I had an opening act once in Kansas City.  I’ve talked about this guy a lot.  But he’s a true emblem.  This guy’s "it" as far as show business is concerned.

He was 92 years old.  They’d gotten him out of a nursing home to play this gig.  And he was seven feet tall — which meant he was eight feet tall when he was 23 — and he was a ukelele player.

And to see a seven-foot 92-year-old man in a powder blue leisure suit with a little plastic hat on playing a ukelele is like watching a guy play his tie tack — there’s nothing about it that looksright.  And he stank! He was the most wretched ukeleleist I’ve heard in my life.  And so of course the audience worshiped him.  You know, they brought him out again and again and again.

And how, you know, how do you follow that? You know? You can’t go out and out-stink him,

you know.  That’s not right.

So he came off, and I said, "Is it true they got you out of a nursing home to do, to play?"

He said, "Yeah."

I said, well, "Man, why do you do this?"

And he looked at me — he looked at me [looks way down as a seven-foot man would look at him] — like I was nuts, which I was, I was really off the beam there.

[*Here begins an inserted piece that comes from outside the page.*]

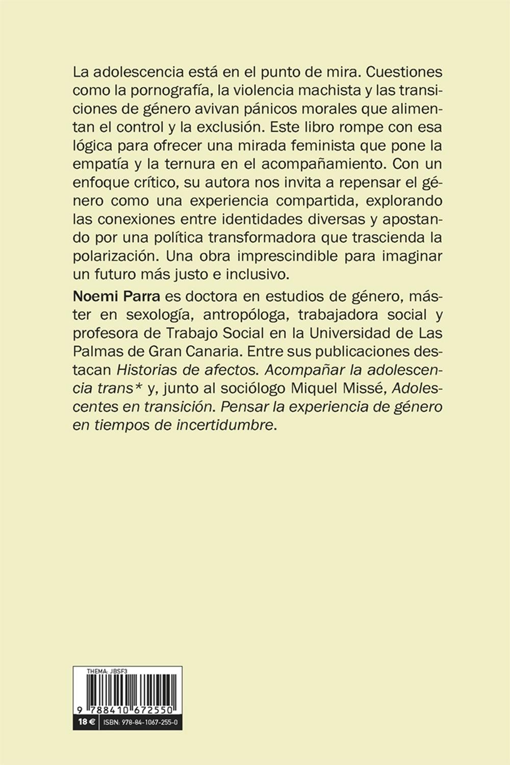 Descripción: Cómo acompañar la adolescencia de las personas trans. La adolescencia está en el punto de mira. Cuestiones como la pornografía, la violencia machista y las transiciones de género avivan pánicos morales que alimentan el control y la exclusión. Este libro rompe con esa lógica para ofrecer una mirada feminista que pone la empatía y la ternura en el acompañamiento. Con un enfoque crítico, su autora nos invita a repensar el género como una experiencia compartida, explorando las conexiones entre identidades diversas y apostando por una política transformadora que trascienda la polarización. Una obra imprescindible para imaginar un futuro más justo e inclusivo. Noemi Parra es doctora en estudios de género, antropóloga y profesora de Trabajo Social en la Universidad de Las Palmas de Gran Canaria. Entre sus publicaciones destacan Historias de afectos. Acompañar la adolescencia trans y, junto al sociólogo Miquel Missé, Adolescentes en transición.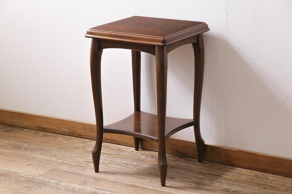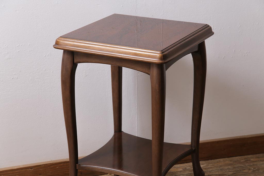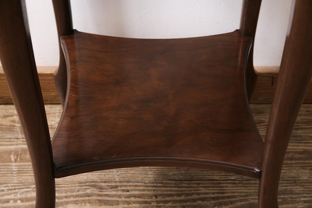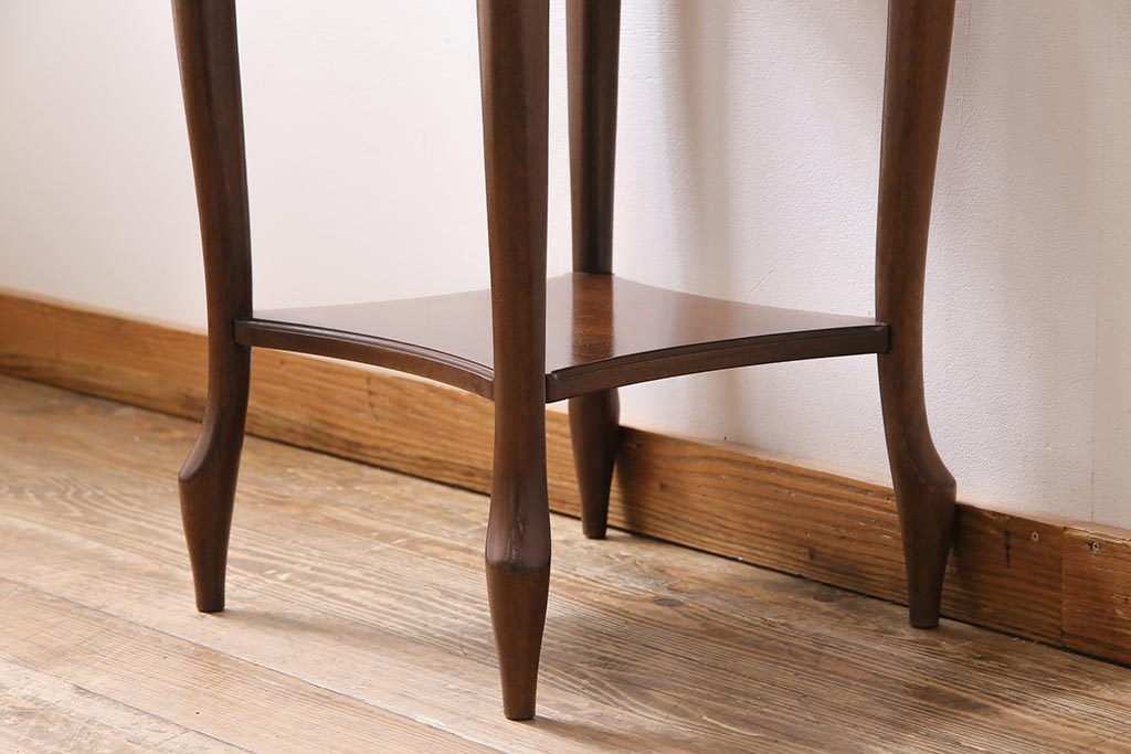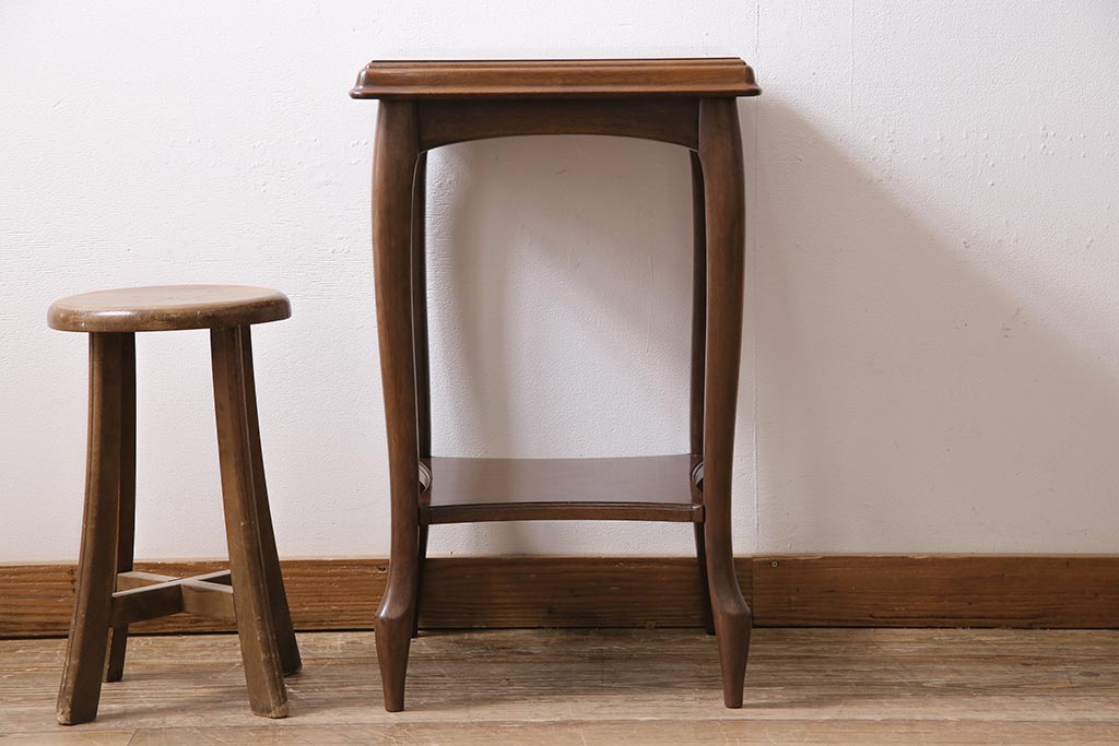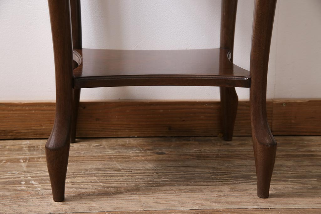 テーブル> サイドテーブル > ビンテージ家具 オールドマルニ maruni(マルニ木工) 棚付き 優雅な雰囲気漂う木製のサイドテーブル(花台)(R-043796)

He said, "This is what I do."

Ah! [taps himself on forehead with the heel of his hand, as if to say, "duh!"] I get it.  So...

[Leo plays "Hear the Wind Howl".   While singing, he forgets the lyrics and substitutes "and you remained" for "and time remained" in second verse.]

LEO:

I used to play in Yugoslavia all the time, and I was...I would...and, uh, I met a lithographer there named Seka Tavcar, a lithographer from Ljubljana, which is in the northwestern part of the...what used to be the country — it’s in Slovenia.

When she was, uh, three years old, her father had been, uh, arrested, and, uh, when she told me this story, we were standing next to a bridge that he’d designed and built.  And I said "Well, what’d he do?" You know, it seemed a likely question, but it was...it branded me as a Minnesotan right away.

And she said, "He didn’t do anything.  You don’t have to do anything.  He was just arrested, that’s all.  We weren’t told why he was arrested.  We weren’t told where he was being kept.  We weren’t told how long he would be kept.  And, uh, after 26 years they let him out of prison."

During that 26 years, all that she and her mother and her older sister ever got in the way of information was two letters.  The first one — at 12 years in, I think — telling them that he was alive.  That was it.  So, um, while she...when she told me this — he’d been, he’d come home the year before; they’d let him out to die — and that’s when she found out.  And she’d lived and had grown up in the same apartment all her life...she was still in it — at this point, all herlife — her whole family was there...or what was left of it.  And when he came home, that’s when they all found out that he’d been imprisoned across the street from her apartment house.  He was in a basement cell, and he could look up every night through a slit window that he had, and see Seka and her older sister playing on the balcony, and he watched them grow up from down there.